Comparison of the haze identification results at the Beijing Shangdianzi station (SDZ; Station ID: 54421; location shown in Fig. 1) during 2015–2016 is shown in Fig. 10. It can be found that M80 identified the least haze hour and M90 identified the most. And the haze hour identified by MMie is in the middle of the two methods.

Fig. 10. Haze hours identified by method used in this study (MMie), M80 and M90 at the Beijing Shangdianzi station during 2015–2016.Fig. 10. Haze hours identified by method used in this study (MMie), M80 and M90 at the Beijing Shangdianzi station during 2015–2016.


This study established a model for reconstructing the aerosol extinction coefficient based on hourly observations of the fine-particle (PM2.5) mass concentration, relative humidity (RH), and visibility at 9 stations in China. We obtained the particle number concentration distribution of the dry aerosol from the PM2.5 mass and then calculated it for the wet aerosol using κ-Kӧhler theory.

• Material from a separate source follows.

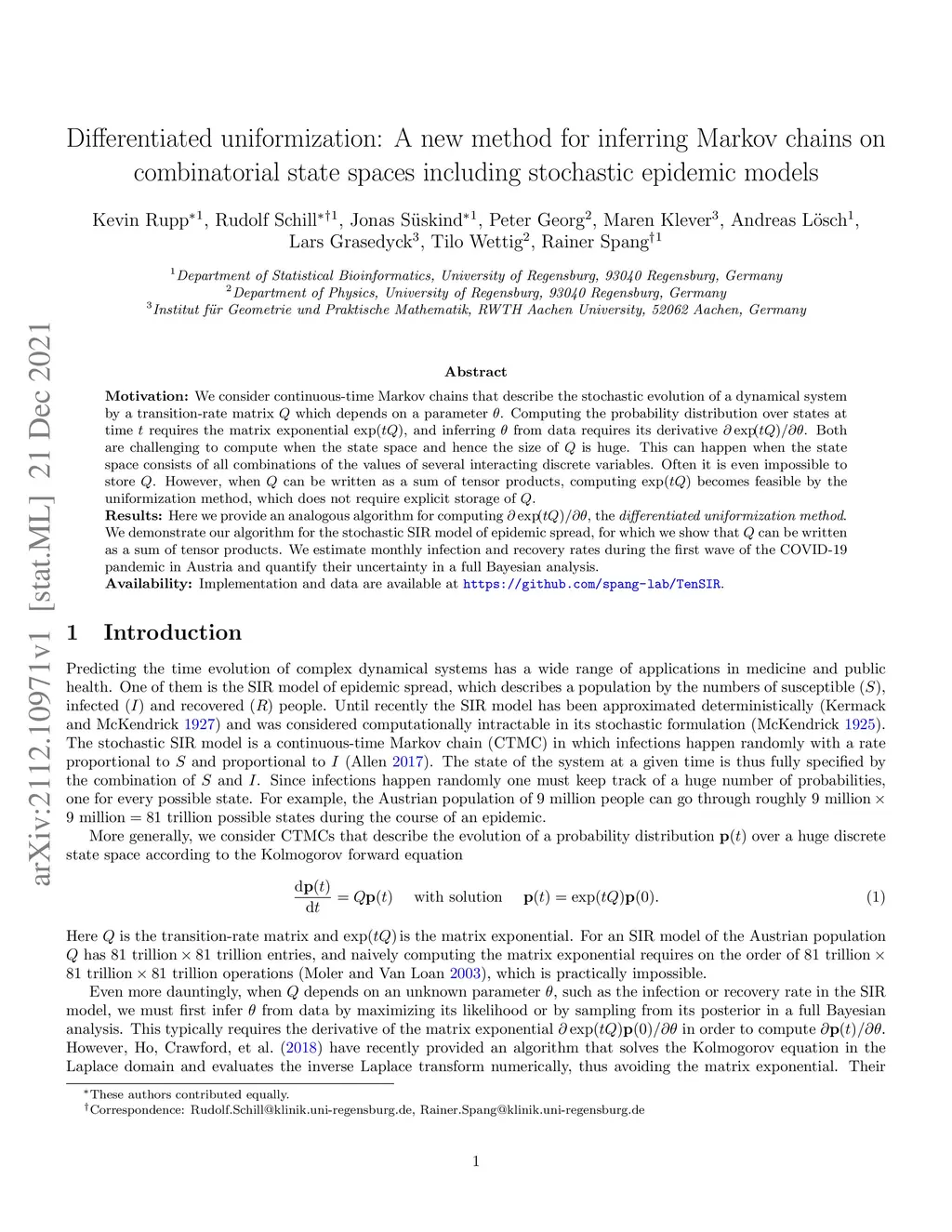 Motivation: We consider continuous-time Markov chains that describe the stochastic evolution of a dynamical system by a transition-rate matrix which depends on a parameter . Computing the probability distribution over states at time requires the matrix exponential , and inferring from data requires its derivative . Both are challenging to compute when the state space and hence the size of is huge. This can happen when the state space consists of all combinations of the values of several interacting discrete variables. Often it is even impossible to store . However, when can be written as a sum of tensor products, computing becomes feasible by the uniformization method, which does not require explicit storage of . Results: Here we provide an analogous algorithm for computing , the differentiated uniformization method. We demonstrate our algorithm for the stochastic SIR model of epidemic spread, for which we show that can be written as a sum of tensor products. We estimate monthly infection and recovery rates during the first wave of the COVID-19 pandemic in Austria and quantify their uncertainty in a full Bayesian analysis. Availability: Implementation and data are available at https://github.com/spang-lab/TenSIR.

Finally, we evaluated the aerosol extinction coefficient by employing Mie theory.

A closure study conducted under ambient conditions allowed us to derive the threshold of the extinction ratio by comparing the estimated light extinction values to the observed ones (which were determined from the measured visibility). When the RH was low, the method proposed in this study accurately detected more than 80% of the hours during which haze occurred. When the RH was high (80% ≤ RH < 95%), however, this approach more accurately differentiated between haze and fog, which suggests that combining PM2.5 observations with visibility and RH data can enhance haze identification during operational monitoring at meteorological stations.

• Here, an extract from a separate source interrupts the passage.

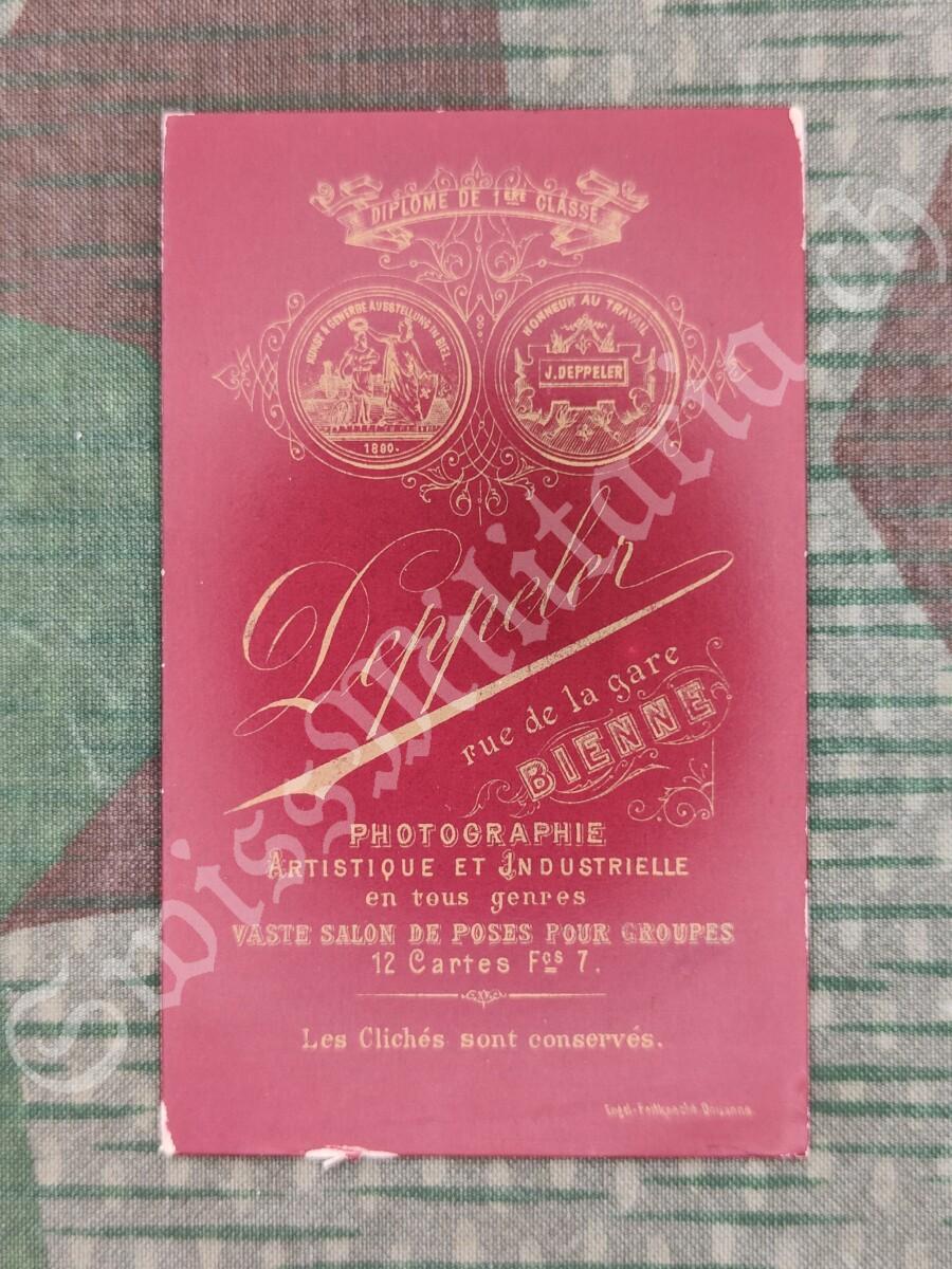 - Rückseite: DIPLÔME DE 1 ERE CLASSE KUNST & GEWERBE AUSSTELLUNG IN BIEL. 1880 HONNEUR AU TRAVAIL J. DEPPELER Deppeler rue de la gare BIENNE PHOTOGRAPHIE ARTISTIQUE ET JNDUSTRIELLE en tous genres VASTE SALON DE POSES POUR GROUPES 12 Cartes Fcs 7. Les Clichés sond conservés.

Although our technique for identifying haze relies on multiple assumptions about the aerosol properties, e.g., the size distribution, hygroscopicity, density, and refractive index, applying linear regression to the model predictions effectively shrank the bias, reducing the overall estimated uncertainty to approximately 16% for the data we analyzed.


This work was performed under the auspices of the National Key Research and Development Program of China (2017YFC1501702) and the National Natural Science Foundation of China (41705133 and 91644223).